Чем дальше — долина становилась уже, приходилось пробираться меж деревьев и камней. Светлов шел с самого раннего утра, утомился и на ночлег остановился засветло.
Для ночевки он выбрал место возле ручья. Вскоре на полянке запылал, затрещал костер. Светлов готовил ужин, благо провизии раздобыть было нетрудно. По дороге Альма поймала зайца. Изумленный неожиданной встречей, он бросился наутек слишком поздно, был настигнут быстроногой собакой и погиб у нее в зубах. Дичи встречалось множество — и уток, и тетеревиных выводков. Светлов, преодолевая соблазн, не стрелял без надобности. Однако к ужину он облюбовал селезня, и ужин получился на славу.

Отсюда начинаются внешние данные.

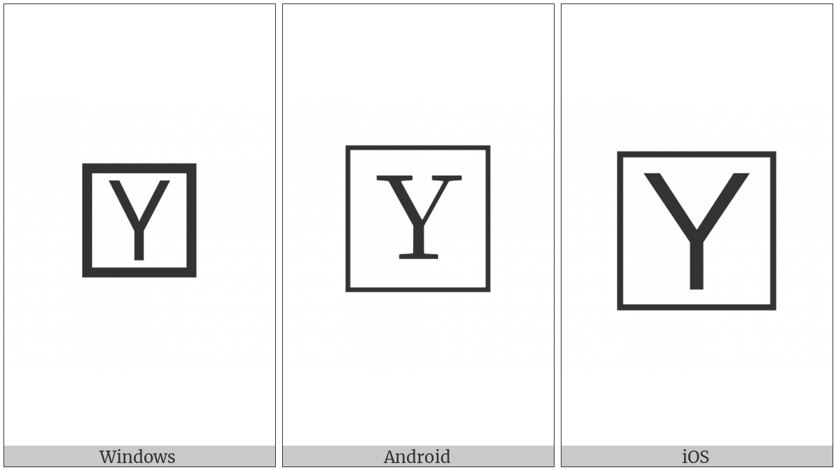 The image below shows how the “Squared Latin Capital Letter Y” symbol might look like on different operating systems. If the font in which this web site is displayed does not contain the symbol and there is no fallback font able to render it, you can use the image below to get an idea of what it should look like.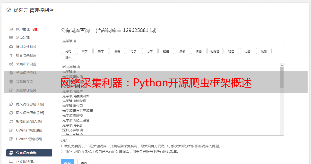 优采云是一款基于云端的网络采集工具,专注于为企业提供高效、稳定、安全的网络采集服务。优采云拥有强大的抓取引擎和智能分析技术,可以快速地抓取网站并从中提取结构化数据。同时,优采云还提供了强大的数据处理和存储功能,并且可以与其他应用程序无缝集成。如果您需要进行网络采集,欢迎使用优采云。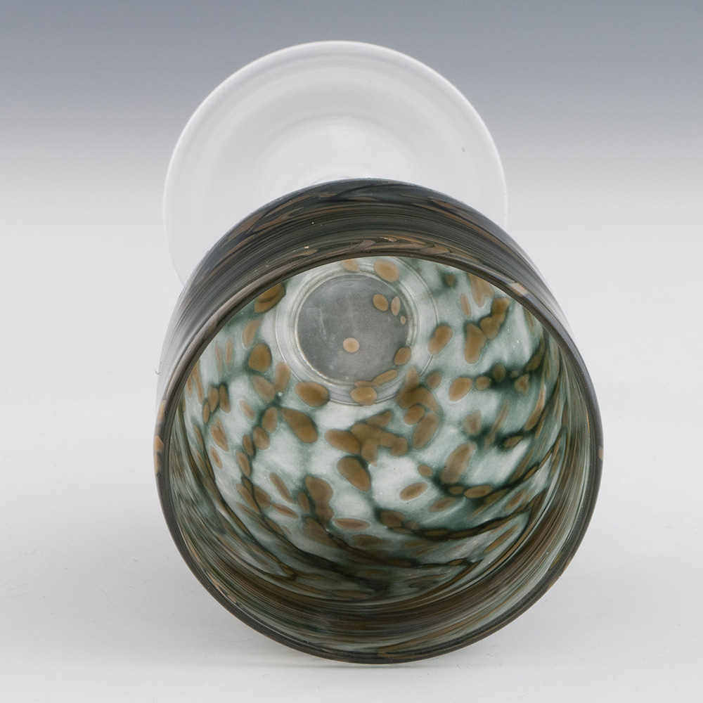 Colour : Swirled and mottled polychrome earth tone bowl, clear stem and foo
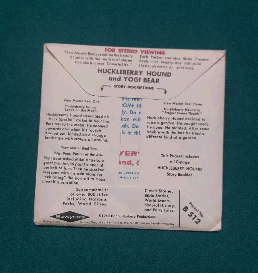Huckleberry Hound and Yogi Bear 3d View-Master 3 Reel Packet 1960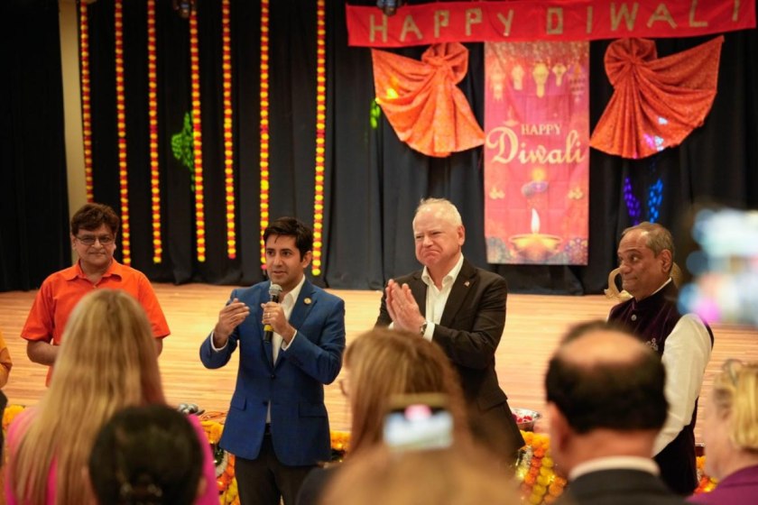 Governor Tim Walz celebrates Diwali at Bharatiya Temple in Pennsylvania with the community / Andrew Peng
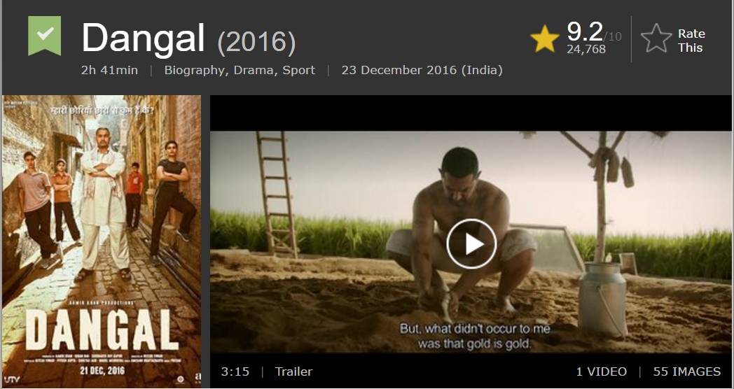 最近有一部印度电影冲上了口碑榜,《摔跤吧!爸爸》(中译名已被多方吐槽N遍),IMDb两万多观众评分,成绩飙到9.2。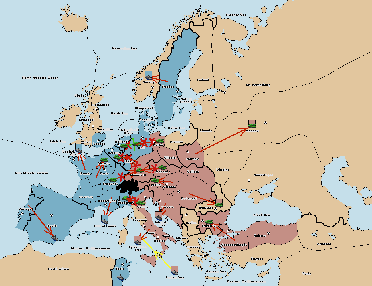 The fleet at Ionian Sea support move to Tyrrhenian Sea from Tunis.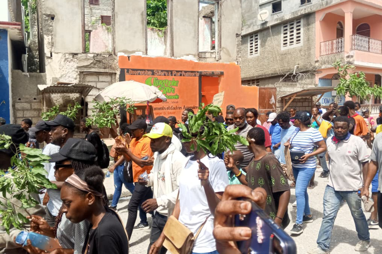 Suite à l’attaque de groupes armés à Seguin, section communale de Marigot, dans la nuit du 13 au 14 avril 2026, des manifestants ont parcouru les rues de Jacmel. Ils brandissaient des pancartes et scandaient des slogans réclamant justice, sécurité et intervention immédiate de l’État.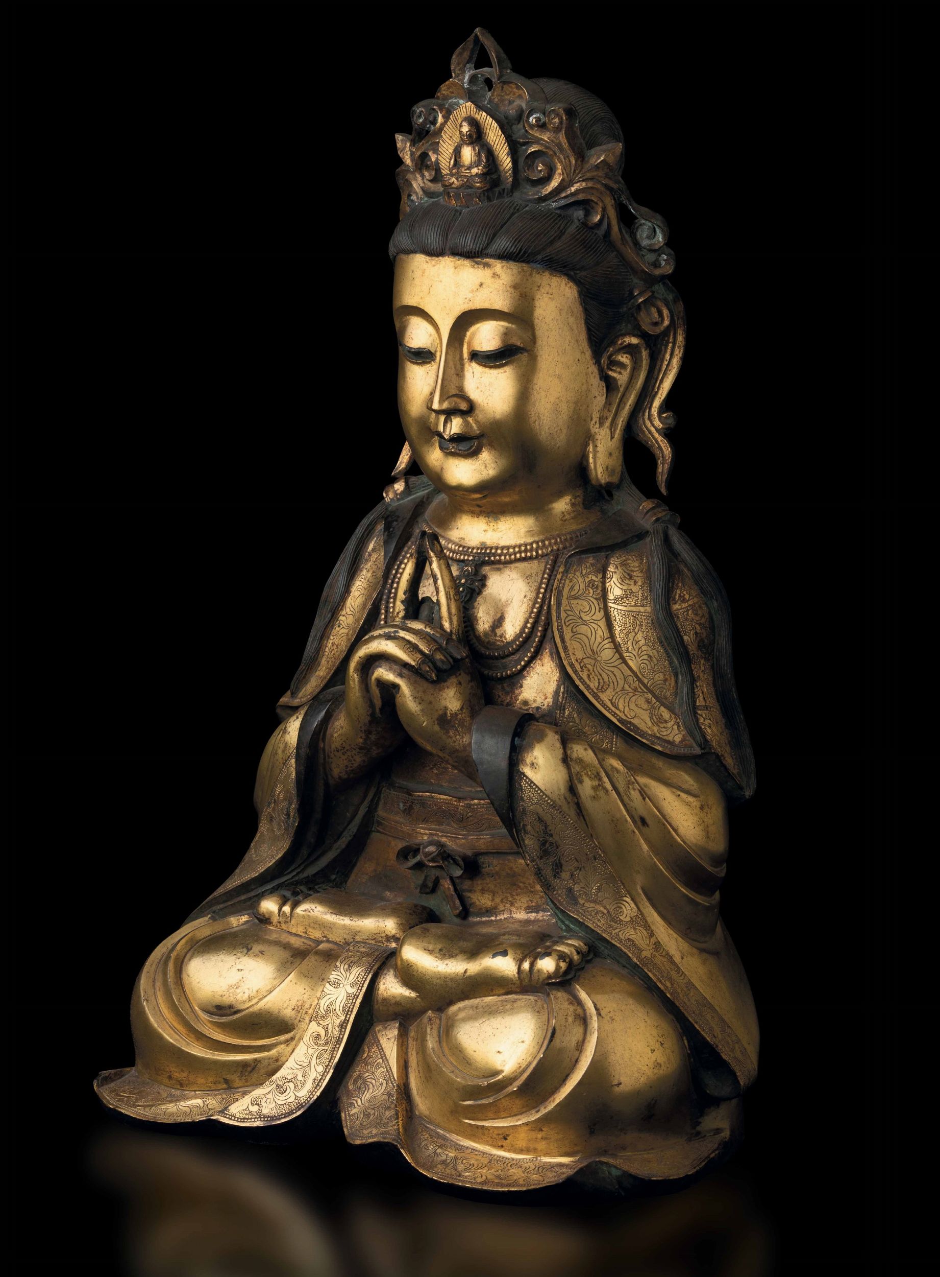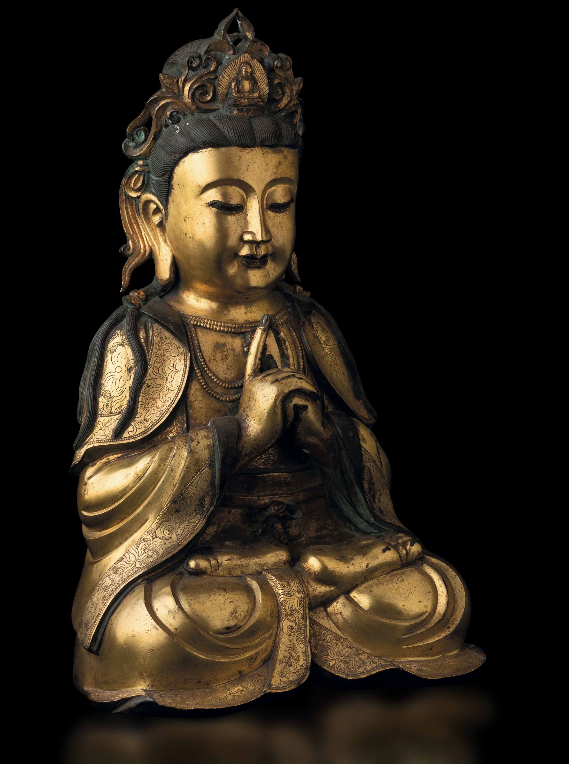 Grande figura di Guanyin incoronata in bronzo parzialmente dorato, Cina, XX seco [..]

Он ощипал селезня и поджарил его на костре. Жаркое оказалось внутри сыроватым, но вкусным.
Закусив и напившись чаю из походного котелка, Светлов закурил и при свете костра занес впечатления дня в дневник, долголетний спутник странствований. Устроившись на ночлег, он поместил рядом с собой ружье, а ранец подложил под голову. Альма свернулась невдалеке. Она все понимала, во всем принимала живейшее участие, только что не разговаривала.
Слабо потрескивая, тлел догорающий костер. Темными громадами теснились вокруг горы. Деревья стояли неподвижные, лишь еле слышно шелестела листом осина, росшая возле ручья. Светлову казалось, что лежал он на дне глубокого темного колодца и где-то далеко вверху виднелся кусок темного звездного неба. Тишина была глубокая, но полная приглушенных ночных звуков. Плескался, журча на камнях, ручей. Слышались вскрики ночной птицы. Издали доносился глухой, непрерывный шум, как будто по дальнему проселку шел большой обоз.
«Уж не водопад ли это у Круглой горы? — размышлял Светлов. — Так шумит издали, если прислушаться ночью, Москва.»